Ярослав Мудрый. Историческая дилогия
Шрифт:
— Посоветоваться к тебе, мастер. Прикажи, чтобы подручные вышли.
Кузнец пожал покатыми плечами: обычно Ярослав не прерывал работу ковалей, небось, что-то серьезное случилось.
— Слушаю, князь.
— Необычная просьба к тебе, Будан Семеныч… Жена моя чадо родить собирается. Подскажи добрую повитуху.
Кузнец улыбнулся, провел грузной ладонью по окладистой бороде.
— Да тут я тебе, князь, не советчик. То мою жену надо спытать.
— Спытай, Будан Семеныч, спытай!
Жена кузнеца назвала бабку Матрену.
Ярослав привез бабку в терем Березини и молвил:
— Ты уж порадей, Матрена. Избу тебе новую срублю.
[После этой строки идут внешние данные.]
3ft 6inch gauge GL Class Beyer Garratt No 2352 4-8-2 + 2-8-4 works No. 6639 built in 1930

Но бабка строго замахала руками.
— Перед родами ничего не сули, милок. Худая примета. Брани меня всякой скверной.
— Да ты что, Матрена? Я ж тебя не в исчадие ада посылаю.
— И-эх, милок, — вздохнула повитуха. — Худо ты наши обряды ведаешь. Прытко брани! А не то черт с рогами вылезет. И чтоб ноги твоей не было, когда я к роженице приду.
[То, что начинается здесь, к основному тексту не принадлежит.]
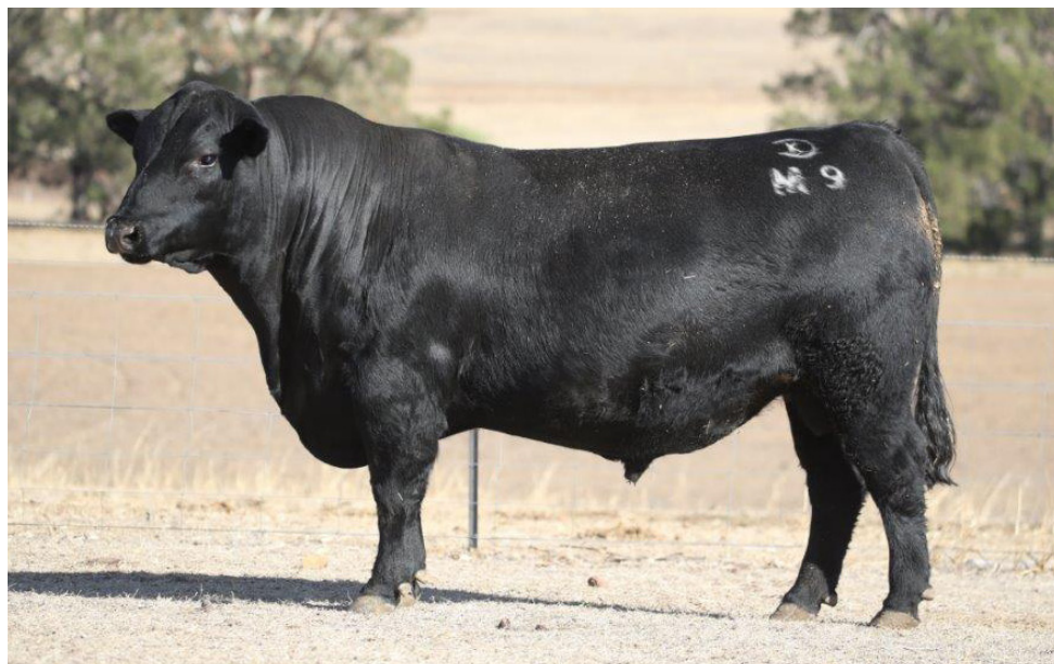
LOT 42 CASCADE MORGAN M9 (AI) (HBR)

Comments: M9 was retained last year and used in our Autumn and Spring program as a backup bull over heifers and cows, calves were born easy and look to grow well. By the great Ardrossan Equator A241 with lots of growth and high carcase weight.

— Не будет, не будет, Матрена! — поспешил заверить сердитую старуху Ярослав.
И вот наступил час, когда по терему засновали мамки, няньки, сенные девки, а затем послышались громкие страдальческие крики Березини.
У Ярослава забилось сердце. Боже, как она мучается! Надо идти к ней, помочь, ободрить, она же может умереть!
И Ярослав распахнул дверь ложеницы.
— Березиня, ладушка, потерпи!
Но тотчас перед ним предстала разгневанная повитуха, обожгла ярыми глазами, взмахнула клюкой.
— Сгинь, нечестивец!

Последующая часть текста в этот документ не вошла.